Pelo contrário, há uma certa ansiedade de libertação na música das Landshapes desde que uma gralha no cartaz de um concerto parisiense as empurrou na direcção da mudança. Antes chamavam-se Lulu and the Lampshades e tiveram um meteórico sucesso (muito em sintonia com os epifenómenos da era da internet) ao publicarem online o vídeo de uma versão de Miss Me When I’m Gone?, original da Carter Family gravado pelos Mainers Mountaineers em 1937, para duas vezes e dois copos de plástico. Transformou-se nma praga. “Já não nos revemos nisso, tornou-se algo que escapa por completo ao nosso controlo, é um monstro de pleno direito”, ri-se Luisa. “Foi engraçado mas às vezes damos um passo atrás e apercebemo-nos que, após sete anos, isto ainda continua vivo por aí, o que pode ser frustrante nalguns momentos porque não tem nada que ver com as Landshapes.”

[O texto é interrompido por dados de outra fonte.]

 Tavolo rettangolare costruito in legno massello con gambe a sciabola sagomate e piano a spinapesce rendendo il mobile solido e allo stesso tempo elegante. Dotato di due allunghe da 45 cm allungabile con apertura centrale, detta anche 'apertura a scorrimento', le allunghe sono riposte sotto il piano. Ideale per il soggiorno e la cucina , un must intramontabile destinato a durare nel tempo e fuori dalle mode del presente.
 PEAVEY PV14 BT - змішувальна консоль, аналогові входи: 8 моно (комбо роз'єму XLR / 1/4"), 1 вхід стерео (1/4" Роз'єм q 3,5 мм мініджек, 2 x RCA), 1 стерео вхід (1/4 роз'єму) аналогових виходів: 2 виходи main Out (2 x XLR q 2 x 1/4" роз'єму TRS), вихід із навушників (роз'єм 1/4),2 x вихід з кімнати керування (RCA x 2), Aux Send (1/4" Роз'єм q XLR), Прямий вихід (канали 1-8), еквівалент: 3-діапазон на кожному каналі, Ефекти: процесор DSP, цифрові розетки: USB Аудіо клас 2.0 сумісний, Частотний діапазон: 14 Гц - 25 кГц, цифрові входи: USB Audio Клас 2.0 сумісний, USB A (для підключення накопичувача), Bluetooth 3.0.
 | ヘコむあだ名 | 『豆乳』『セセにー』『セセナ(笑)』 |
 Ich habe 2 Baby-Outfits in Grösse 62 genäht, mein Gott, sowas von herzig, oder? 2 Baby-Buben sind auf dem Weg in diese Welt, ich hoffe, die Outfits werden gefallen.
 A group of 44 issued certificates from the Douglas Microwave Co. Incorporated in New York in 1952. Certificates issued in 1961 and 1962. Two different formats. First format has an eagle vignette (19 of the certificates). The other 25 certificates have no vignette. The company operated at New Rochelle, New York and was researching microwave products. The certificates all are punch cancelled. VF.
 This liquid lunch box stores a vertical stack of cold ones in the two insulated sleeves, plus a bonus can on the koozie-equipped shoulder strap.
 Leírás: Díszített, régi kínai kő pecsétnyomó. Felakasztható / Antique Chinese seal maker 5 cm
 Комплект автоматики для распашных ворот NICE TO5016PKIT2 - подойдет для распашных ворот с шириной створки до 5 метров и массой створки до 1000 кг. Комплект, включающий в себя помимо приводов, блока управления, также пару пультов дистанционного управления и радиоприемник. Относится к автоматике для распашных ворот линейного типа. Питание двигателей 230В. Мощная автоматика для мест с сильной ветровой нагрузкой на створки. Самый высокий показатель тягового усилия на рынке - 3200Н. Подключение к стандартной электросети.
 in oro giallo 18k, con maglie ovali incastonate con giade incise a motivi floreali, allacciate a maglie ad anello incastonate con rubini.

Em Paris, o acaso de alguém ter corrompido a palavra Lampshades para algo de mais original como Landshapes tornou-se o pretexto perfeito para o grupo concretizar um corte com o passado. Ao mesmo tempo que a proximidade fonética garantia uma ligação que não despistasse em absoluto os seus seguidores, a nova designação permitia ultimar e até pressionar a formação de uma nova identidade que já estava em construção. “Apesar de ser muito divertido, aquilo que então fazíamos era muito errático”, descreve Luisa. “Quando arranjámos uma sala de ensaios a sério e começámos a tocar juntos durante horas a fio a nossa sonoridade mudou muito rapidamente.” E de tal forma foi o um esforço colectivo que a vocalista acredita que nenhum dos quatro, isoladamente, “conseguiria sair do grupo a escrever sozinho uma canção das Landshapes.”

Até porque uma das armas das Landshapes é a permanente gestão do equilíbrio entre a maior predisposição melódica de Luisa Gerstein e o gosto pela sabotagem dissonante maquinada pela baixista (e segundas vozes) Heloise Tunstall-Behrens. Heloise é aquela que armadilha o caminho para que o rock mais abrasivo se consiga intrometer nas canções de uma Luisa que numa outra vida que leva em paralelo dirige um coro de 25 vozes femininas chamado Deepthroat e que canta de Nina a Sade e Wildbird & Peacedrums. “É provável que a nossa música seja bissexual”, atira Luisa sobre a forma como esse equilíbrio é atingido. E é bem capaz de ser isso.